I just finished the final season of Six Feet Under, and it broke my heart. I know it’s “just a TV show,” but I guess I was pretty attached to it, and I especially identified with Nate. The whole experience was strange for me, as for some reason I believed there was six seasons of the show instead of five. The whole time I was watching the final season, I assumed I was watching the second-to-last season, so when I went to the library yesterday to rent the Season Five finale, I assumed that my wife and I had another twelve episodes to enjoy down the road. I looked at the back of the DVD case when I got home, and was bewildered to see a “series retrospective” listed as a bonus feature. Well, a few seconds on-line confirmed my suspicion, that indeed we were about to watch the final episode, the end, no more show, my favorite show, done, gone. I was hesitant. I told my wife that I wasn’t sure I was ready to watch it. I felt so blind-sided by the whole thing, just as many are by death itself, I suppose.
Needless to say, I wept like a grieving widow throughout the last episode, as I did through much of the series. I started watching the show just after my younger brother passed away, in early 2005. As the cast and crew were filming the final season, I was renting the first season DVD’s at the library a few times per month. The show cracked me wide open during the very first episode, and it became the primary means by which I processed both my feelings of grief and my fears around death in general.

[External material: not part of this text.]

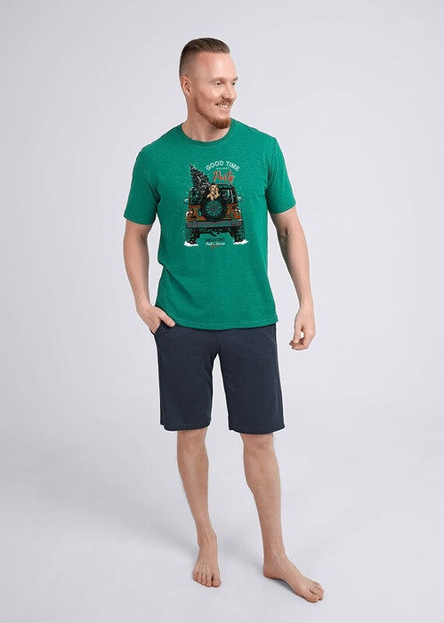 Комплект мужской для дома состоящий из футболки и шорт. Футболка из фактурного трикотажного полотна с круглым вырезом горловины, коротким рукавом и дизайнерским принтом. Шорты из трикотажа на эластичном поясе с функциональными карманами и шнуром.

The show really meant a lot to me. My heavy heart can attest to that. Like Henry Miller’s Tropic of Capricorn and Black Spring, Six Feet Under came into my life at exactly the right time, and it stands as one of the truly important works of art I have been fortunate enough to encounter. Someday, I will watch the entire series again, just as I return to Miller every so often for sustenance and reassurance. But it will never be the same. It never is. And that, right now, makes me sad. Goodbye Nate, David, Ruth, and Claire. And thanks to Alan Ball, the cast, crew and everyone involved in bringing the show to life. It was more than a show about death. It left me more alive and openhearted.